Thought I’d do a bit of a check-in on this whole growing a baby thing that is apparently happening to me. I am officially around 18 weeks but like, that is almost halfway so I am just rounding up. In fact, I kind of despise counting everything in weeks. 18 weeks is a little over 4 months so why can’t everyone just stick to that? Then when the baby is actually born, it starts all over again. “Little Emma here is 43 weeks old!” I MEAN. staahhhp.
By the way, we are NOT naming her Emma. Nothin’ against the name but it won’t be my kid’s.
And speaking of names, this sh*t is hard. And there are SO many traps to fall into, for example:
- Picking an old-timey name you love but that has made a HARD comeback. Example: Meg and I used to looove the name Olivia but now everyone and their sister is named Olivia. Same thing with Madeline. The kids book with the 12 little girls in 2 straight lines? Set in Paris? COME ON. Of course I love this name. But again, there are about 83473 Madelines (or Madeleines or Madelyns) and also Madisons. So when someone yells out “Maddy!” at soft-play about 8 little chubby faces turn to look.

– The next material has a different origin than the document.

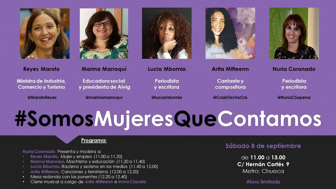 El próximo 8 de septiembre «el patriarcado se va a caer» con la celebración #SomosMujeresQueContamos, el acto que cuenta con la participación de cinco reconocidas feministas que aportarán su experiencia como activistas en la lucha por la igualdad. Se trata de Reyes Maroto, ministra de Industria, Comercio y Turismo; Marina Marroquí, educadora social y presidenta de la Asociación contra la Violencia de Género AIVIG; Arita Mitteenn, cantante y compositora y las periodistas y escritoras Lucia Mbomio y Nuria Coronado. “Se hablará de techos de cristal, oportunidades laborales, corresponsabilidad, educación, racismo, sexismo, violencia de género, cosificación, misoginia, homosexualidad, medios de comunicación o música machista entre otros temas”, explica la organizadora y presentadora del encuentro Nuria Coronado. “Queremos hacer una mirada desde distintos puntos de vista a todo un sistema que no quiere que hombres y mujeres seamos iguales pero que sin lugar a dudas va a desaparecer por justicia y gracias a una lucha política imparable y universal como es la del feminismo”, añade.

- Picking an intricate spelling to give the name a fresh spin. Just, no. I am so done with this. Christina becomes Krysteenah. Jessica becomes Jysikah. For the love of God, no more. I know it is tempting but just stick to the norm people.
- Trying to be TOO creative. So, I get it. You don’t want to name yer little tike Tom or Jim or Sarah. But you are also not Gwenyth or Kim K and know you’re not famous enough to have an Apple or Chicago or Blanket (like poor MJ). But like, you want something kinda cool. It is easy to convince yourself that putting together two weird sounds is all of the sudden a name, but stay strong, because it isn’t.
For me, girl names are easy. I like about 823734 of them. But so far David has vetoed:
- Aurora (Rory for short, like Rory Gilmore!)
- Dorothy (my dear G-Dot’s name, may she rest in peace. however this is still a middle name possibility)
- Noel (which my parents almost named me)
Tell me your thoughts on these good or bad.
Other new and exciting ventures on this blissful journey of being with-child include:
- Acne! These hormones are just completely kicking my ass lately. I am using a spot treatment with benzoyl peroxide but clearly (or should I say not-so-clearly) it isn’t doing much.
- Bone pain! My tailbone especially hurts like a MOTHER but also my back.
- Heartburn! As if I did not have this bad enough before, the heartburn is real and unrelenting.
But wanna know what has sucked the MOST!?
Not bein’ able to booze…Yeah, I said it. It was MUCH easier at the beginning of this ordeal when I felt sick because at that point nothing sounded good. But now that I am back to my old self plus a ponch that could be mistaken for just a large lunch at Chipotle, I miss my vodka sodies man. I miss wine. I miss it. All. And I have to do this until January. JANUARY. No yule tide libations for me. No spiked cider or hot peppermint schnocholate. It is moderately depressing at the very least. And I know I can have a little, but at this point it is just a tease. One small glass of wine is like eating any less than 10 potato chips. It’s juuust enough to make you want more.
Despite all this, I have managed to do fun things. Such as:
Go to the Oregon Coast and take picture like this:
(it’s a Gare-Bear)
Stand up for an entire Timbers game
So I guess it’s not allllll bad. Just mostly bad.